Wednesday 16 January 2019

Heading for the apocalypse!

So here we are, the day after THE VOTE. And are we any closer to knowing what is going to happen? It doesn’t seem like it. According to some, we appear to be running out of time. People are asking if there is actually time to come up with a new plan, or to hold a general election, or to have another referendum, or even just to start spinning on the spot, before that fateful March date comes along.

So do we just crash out of Europe, flounder around for a while, hope we manage to swim and see what happens? Only time will tell, but if I were PM I think I might want to curl up in a corner of a darkened room and cry!

This stuff could go on and on for years, even though right now it seems like the end of things.

Meanwhile, poor Andy Murray seems to be coming to the end of things. Even though I feel quite sorry for him, I want to tell him that it could be worse. He must have amassed enough to live on comfortably. No doubt he can become some sort of sports consultant. There must be a book there somewhere. And judging by what happens with almost every famous person these days, before we know it someone will make a film of his life. However, I hope he gets his hip sorted out soon. And I doubt that he will have to wait for the NHS to make it possible! 

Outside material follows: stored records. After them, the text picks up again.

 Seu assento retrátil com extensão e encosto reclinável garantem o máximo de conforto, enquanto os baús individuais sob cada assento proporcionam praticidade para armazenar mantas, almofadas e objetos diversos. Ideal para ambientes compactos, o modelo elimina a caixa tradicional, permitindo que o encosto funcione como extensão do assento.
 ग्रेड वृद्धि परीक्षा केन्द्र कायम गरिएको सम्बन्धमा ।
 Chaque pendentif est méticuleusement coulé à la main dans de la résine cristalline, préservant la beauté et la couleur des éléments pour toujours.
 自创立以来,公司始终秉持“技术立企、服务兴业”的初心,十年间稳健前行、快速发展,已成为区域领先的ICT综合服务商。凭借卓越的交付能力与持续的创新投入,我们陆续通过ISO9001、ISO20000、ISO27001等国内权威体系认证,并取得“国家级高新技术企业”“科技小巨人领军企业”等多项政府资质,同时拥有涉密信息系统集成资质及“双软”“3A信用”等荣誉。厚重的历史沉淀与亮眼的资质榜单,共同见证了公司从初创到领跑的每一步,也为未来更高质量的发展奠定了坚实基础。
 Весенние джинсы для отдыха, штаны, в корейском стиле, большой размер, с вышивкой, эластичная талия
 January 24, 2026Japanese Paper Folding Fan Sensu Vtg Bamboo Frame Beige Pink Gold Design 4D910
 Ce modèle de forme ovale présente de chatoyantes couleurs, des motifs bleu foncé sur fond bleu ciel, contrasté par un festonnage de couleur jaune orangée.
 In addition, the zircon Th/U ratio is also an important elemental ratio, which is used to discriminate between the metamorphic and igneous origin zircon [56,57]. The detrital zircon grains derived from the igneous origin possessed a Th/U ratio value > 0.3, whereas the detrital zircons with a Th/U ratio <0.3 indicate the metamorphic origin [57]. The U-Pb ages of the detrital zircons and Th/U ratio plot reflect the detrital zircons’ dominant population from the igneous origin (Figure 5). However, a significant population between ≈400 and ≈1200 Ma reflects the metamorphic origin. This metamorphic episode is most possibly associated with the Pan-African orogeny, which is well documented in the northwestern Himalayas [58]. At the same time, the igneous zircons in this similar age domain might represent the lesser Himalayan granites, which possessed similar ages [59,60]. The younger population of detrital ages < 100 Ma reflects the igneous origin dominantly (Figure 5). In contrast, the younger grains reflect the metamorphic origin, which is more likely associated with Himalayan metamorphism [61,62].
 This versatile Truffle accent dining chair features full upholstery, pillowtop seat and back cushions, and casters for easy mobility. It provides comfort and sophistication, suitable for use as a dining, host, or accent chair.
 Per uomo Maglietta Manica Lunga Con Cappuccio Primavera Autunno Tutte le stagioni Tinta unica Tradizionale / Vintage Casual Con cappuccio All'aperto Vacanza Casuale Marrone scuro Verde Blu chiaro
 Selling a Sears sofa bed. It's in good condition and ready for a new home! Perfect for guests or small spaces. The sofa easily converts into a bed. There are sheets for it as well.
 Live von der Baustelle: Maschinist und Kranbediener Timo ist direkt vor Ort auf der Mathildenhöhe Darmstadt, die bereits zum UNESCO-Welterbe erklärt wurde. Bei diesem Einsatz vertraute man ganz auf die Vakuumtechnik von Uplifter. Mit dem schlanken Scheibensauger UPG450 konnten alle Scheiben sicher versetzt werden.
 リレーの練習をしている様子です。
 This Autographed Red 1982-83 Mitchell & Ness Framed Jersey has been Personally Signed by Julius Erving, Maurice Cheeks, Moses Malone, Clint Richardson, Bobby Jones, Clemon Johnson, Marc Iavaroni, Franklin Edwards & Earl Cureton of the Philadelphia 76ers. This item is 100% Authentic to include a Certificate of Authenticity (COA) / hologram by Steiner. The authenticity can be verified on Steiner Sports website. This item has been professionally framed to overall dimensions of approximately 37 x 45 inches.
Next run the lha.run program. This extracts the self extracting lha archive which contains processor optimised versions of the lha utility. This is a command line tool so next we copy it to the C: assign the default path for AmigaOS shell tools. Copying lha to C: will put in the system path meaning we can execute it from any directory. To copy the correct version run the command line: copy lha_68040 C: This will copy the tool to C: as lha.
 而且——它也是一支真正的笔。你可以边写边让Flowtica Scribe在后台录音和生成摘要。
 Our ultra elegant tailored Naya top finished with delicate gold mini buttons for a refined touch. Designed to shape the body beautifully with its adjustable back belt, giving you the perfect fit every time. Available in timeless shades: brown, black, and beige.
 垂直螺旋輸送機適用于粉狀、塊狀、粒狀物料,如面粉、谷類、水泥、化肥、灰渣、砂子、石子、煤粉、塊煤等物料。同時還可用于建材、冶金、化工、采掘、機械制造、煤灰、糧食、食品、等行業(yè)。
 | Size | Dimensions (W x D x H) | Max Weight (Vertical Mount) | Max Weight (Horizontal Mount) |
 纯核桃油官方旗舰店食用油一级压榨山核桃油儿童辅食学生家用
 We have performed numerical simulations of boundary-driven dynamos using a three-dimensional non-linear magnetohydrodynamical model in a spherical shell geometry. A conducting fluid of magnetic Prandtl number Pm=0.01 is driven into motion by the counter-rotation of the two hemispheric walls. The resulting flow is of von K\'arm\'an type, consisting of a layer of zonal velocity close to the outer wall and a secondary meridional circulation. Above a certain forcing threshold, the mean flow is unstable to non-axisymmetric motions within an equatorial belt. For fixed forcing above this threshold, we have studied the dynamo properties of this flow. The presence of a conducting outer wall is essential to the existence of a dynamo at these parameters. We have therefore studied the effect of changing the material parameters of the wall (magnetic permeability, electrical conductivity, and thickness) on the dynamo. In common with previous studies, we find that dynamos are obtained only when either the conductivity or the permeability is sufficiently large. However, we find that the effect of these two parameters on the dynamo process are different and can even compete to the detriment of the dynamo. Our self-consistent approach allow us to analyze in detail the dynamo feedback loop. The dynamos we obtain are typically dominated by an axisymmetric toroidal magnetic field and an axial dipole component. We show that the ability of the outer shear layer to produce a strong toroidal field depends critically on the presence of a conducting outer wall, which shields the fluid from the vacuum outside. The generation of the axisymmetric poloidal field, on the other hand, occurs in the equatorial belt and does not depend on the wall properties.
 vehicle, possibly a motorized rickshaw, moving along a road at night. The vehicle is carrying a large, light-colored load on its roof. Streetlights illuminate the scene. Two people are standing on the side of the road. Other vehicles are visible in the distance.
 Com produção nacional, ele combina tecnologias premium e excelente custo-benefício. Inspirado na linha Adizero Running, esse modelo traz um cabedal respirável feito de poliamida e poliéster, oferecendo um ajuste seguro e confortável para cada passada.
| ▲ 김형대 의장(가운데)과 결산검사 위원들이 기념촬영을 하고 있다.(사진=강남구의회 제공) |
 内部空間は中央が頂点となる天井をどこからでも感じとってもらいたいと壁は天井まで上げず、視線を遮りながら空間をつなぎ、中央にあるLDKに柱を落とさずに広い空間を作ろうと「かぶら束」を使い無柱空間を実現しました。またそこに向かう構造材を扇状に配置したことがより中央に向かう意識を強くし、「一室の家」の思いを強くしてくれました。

I came across this article about a 64 year-old Vietnam veteran who has chosen to live homeless, or houseless as he prefers to put it, in Alaska. As he says, his kind of homelessness/houselessness out in the wilds is very different to urban homelessness. Mostly self-sufficient, he visits a foodbank about once a month to stock up on non-perishable essentials and considers himself to live a more eco-friendly life than most.

He’s aware of the risks: “In general, stupidity out here in the frozen north usually carries severe consequences: campfires in a dry forest on a windy day easily get out of control; sloppy chainsaw, axe or knife work you could lose a finger or cut into an artery and bleed out; carelessness near rivers or ice could drown you; drinking water from a polluted creek will leave you very sick. Pick berries to eat oblivious to your surroundings and you could get eaten yourself (bears like berries too).

People with a penchant for stumbling around drunk and stoned and sleeping it off curbside in the middle of the afternoon probably won’t succeed out here. Discoveries of frozen houseless people regularly make local news headlines. If these folks can’t make in an urban setting with services right around the corner, living in the woods miles from any help is not an option.”

He wants to keep his location secret as he fears others might try to join him.

That’s his chosen way of life. Personally I would find the lack of regularly washed clothing and the difficulty of dealing with personal hygiene rather difficult to cope with. But then whenever I see documentaries of people off on great adventure treks into the wilds, the same question crosses my mind: how do you get by without a daily shower and clean knickers?

One group planning a bit of an adventure is a bunch of flat-earthers. The Flat Earth International Conference is planning a Flat Earth Cruise for 2020, with participants doing a fair few of the usual things people on cruises do. There’s just one problem really. The navigational systems cruise ships, and other vessels, use rely on the fact that the Earth is not flat: theoretically puncturing the beliefs of the flat Earth crowd. “Ships navigate based on the principle that the Earth is round,” said Henk Keijer, a former cruise ship captain who sailed all over the globe during a 23-year career. “Nautical charts are designed with that in mind: that the Earth is round.”

That may not bother the Flat Earth people though. I fully expect that they use mobile phones, as do many folk who believe we should live according to older belief systems.

One aspect of their belief is that the world is a sort of disc surrounded by an ice-wall - Antarctica! Presumably the wall stops us all sliding off into space.

Space itself is another matter as real flat earthers with tell you, as “the space agencies of the world” have conspired to fake “space travel and exploration”.

This is as crazy, although nowhere near as dangerous, as the evangelicals in the United States, where people like Mike Pompeo can say, as he did in a speech at the American University in Cairo, that in his state department office: “I keep a Bible open on my desk to remind me of God and his word, and the truth.” This is a man involved in the government of a really powerful nation.

Just as he did in Cairo, Pompeo called on the congregation of a Kansan megachurch three years ago to join a fight of good against evil. “We will continue to fight these battles,” the then congressman said at the Summit church in Wichita. “It is a never-ending struggle … until the rapture. Be part of it. Be in the fight.”

For Pompeo’s audience, the rapture invoked an apocalyptical Christian vision of the future, a final battle between good and evil, and the second coming of Jesus Christ, when the faithful will ascend to heaven and the rest will go to hell.

Maybe this is what has been going on the Houses of Parliament!